— Requirement —
Starting with the line that has "penetration testers, using" in the records below and stopping after the line that has "Elle apparait éteinte", output every line exactly and nothing else; skip pictures.

— Provided material —
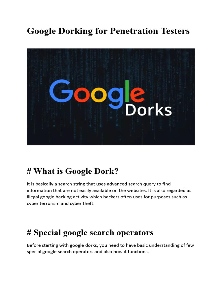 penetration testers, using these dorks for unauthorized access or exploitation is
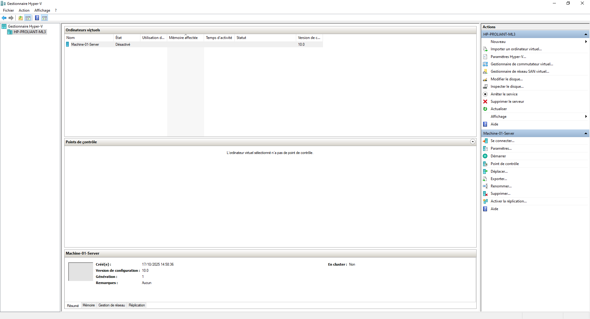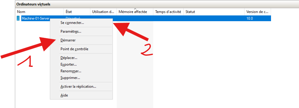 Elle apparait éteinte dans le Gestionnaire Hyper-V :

* * *

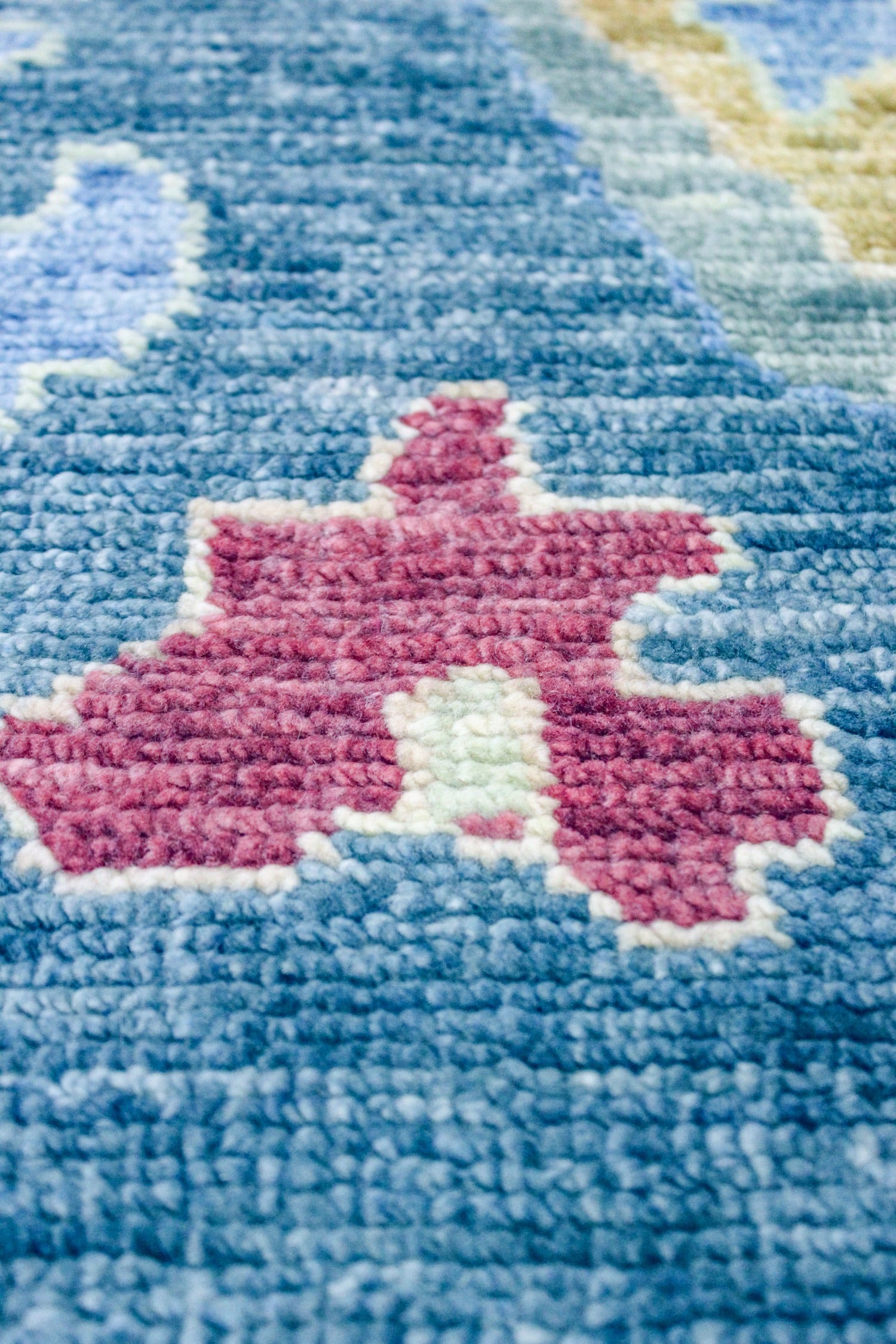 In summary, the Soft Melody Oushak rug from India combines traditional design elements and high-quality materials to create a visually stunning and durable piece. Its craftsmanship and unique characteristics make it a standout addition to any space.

— Written solution —
 penetration testers, using these dorks for unauthorized access or exploitation is
 Elle apparait éteinte dans le Gestionnaire Hyper-V :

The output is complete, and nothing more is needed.